Unless you take seriously the seasonal art that is gardening. Maybe in tilling and tending the earth to produce delicious food and gorgeous flowers they expressed themselves as surely as did the much better known artists.
Perhaps that is why, in their garden, my grandparents felt themselves to be near God’s heart.
Although these four lines remind me especially of both of my maternal grandparents, it calls to mind my grandmother in particular. Hers was a quiet, non-confrontational, calming sort of presence. “Long-suffering” is too strong a descriptor. Perhaps “receptive” is better for a woman who took things in and accepted them in her own way, a way that I have never fully understood. Perhaps like her namesake who was Jesus’s mother, she was able to “let it be” when it was best to do so. She wasn’t a pushover; she worked hard, served her family well, and even pushed back when Grandpa Bohaty got too paternalistic. But I can feel her accepting the sun’s kiss as pardon enough, and birds’ songs as mirth enough for her life. For her, her garden was church; and God’s heart was found there more than anywhere else on earth.

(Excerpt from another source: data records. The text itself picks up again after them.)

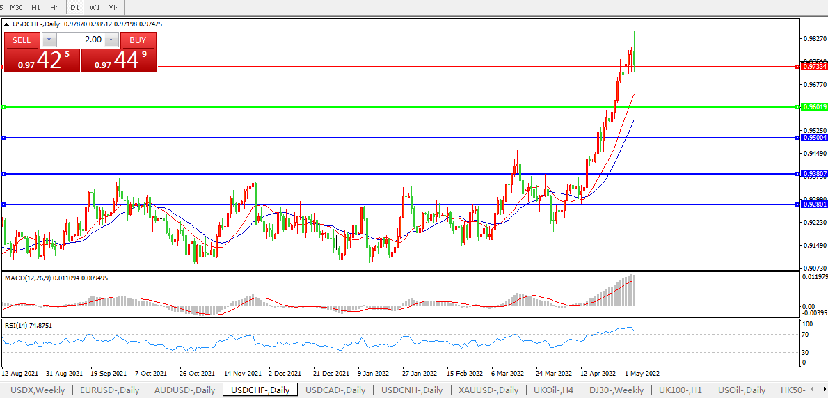 联储二十年来最大加息,美元兑瑞郎冲高回落
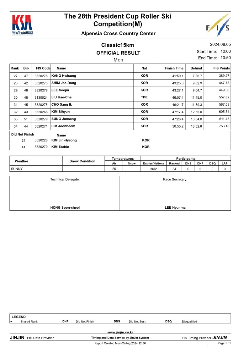 제28회 회장배 전국롤러스키대회 및 FIS Summer Race(클래식 국제 남자 공식결과)
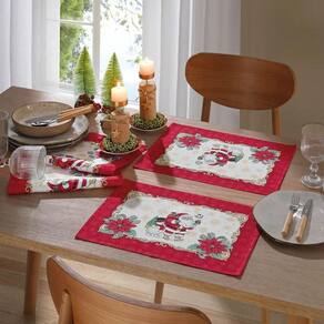 Deixe sua mesa ainda mais charmosa e acolhedora neste Natal com o jogo americano Athenas natalino da Dhler. Com estampa temática sofisticada e cores harmoniosas, ele é perfeito para criar uma composição elegante nas refeições especiais e na decoração de fim de ano.
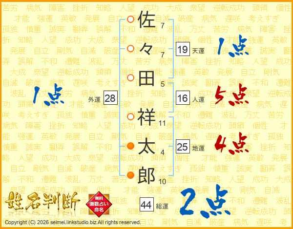 佐(7画)々(7画)田(5画) 祥(11画)太(4画)郎(10画)
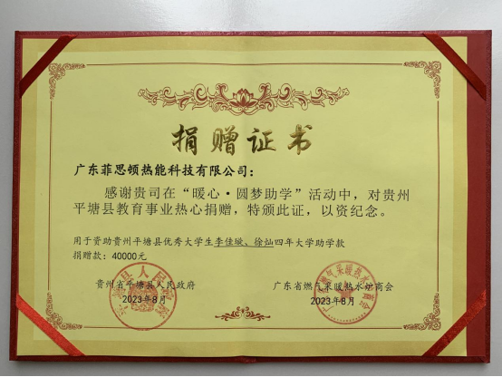 為幫助更多的困難家庭品學(xué)兼優(yōu)學(xué)生實現(xiàn)求學(xué)夢。8月初,廣東菲思頓熱能科技有限公司攜手貴州省平塘縣人民政府開展捐資助學(xué)活動,為2名困難大學(xué)生送上40000元助學(xué)金,解決他們四年學(xué)費難題,幫助她們圓夢大學(xué)。

Sometime during my late childhood, the Bohatys began to attend a Unitarian church, which seemed almost as mysterious to me as attending no church at all. Very late in their lives, when they moved to the town my parents lived in, they became Presbyterians, though I have no idea how they understood that move beyond just being in church with my parents. And my mother noted that near the end of her life, Grandma started crossing herself when they said grace around the table. Somehow, through gardens, and by way of unitarian and trinitarian Protestant churches, she came back to where she’d started.
A couple of weeks ago I saw this same sign in a neighbor’s yard. That set me to wondering about the origin of the verse. It is the 4th stanza of a 5-stanza poem entitled God’s Garden by Englishwoman Dorothy Frances Gurney, whose other claim upon posterity is the wedding hymn, O Perfect Love. I will not share God’s Garden here. It is easily found on the web.
I will report that it is a religious poem which begins in the Garden of Eden and ends in the Garden of Gethsemane, where, it asserts, Jesus broke His heart for us.
Jesus broke for us the heart that is pardon, the heart that is mirth. The heart that is God’s, for others, like Grandma Bohaty’s.
Did she know the entire poem? I will never know, but I can imagine stanza 4 resonating inside of her, and I feel her with me when I feel the kiss of the sun and hear the songs of the birds, always near God’s heart.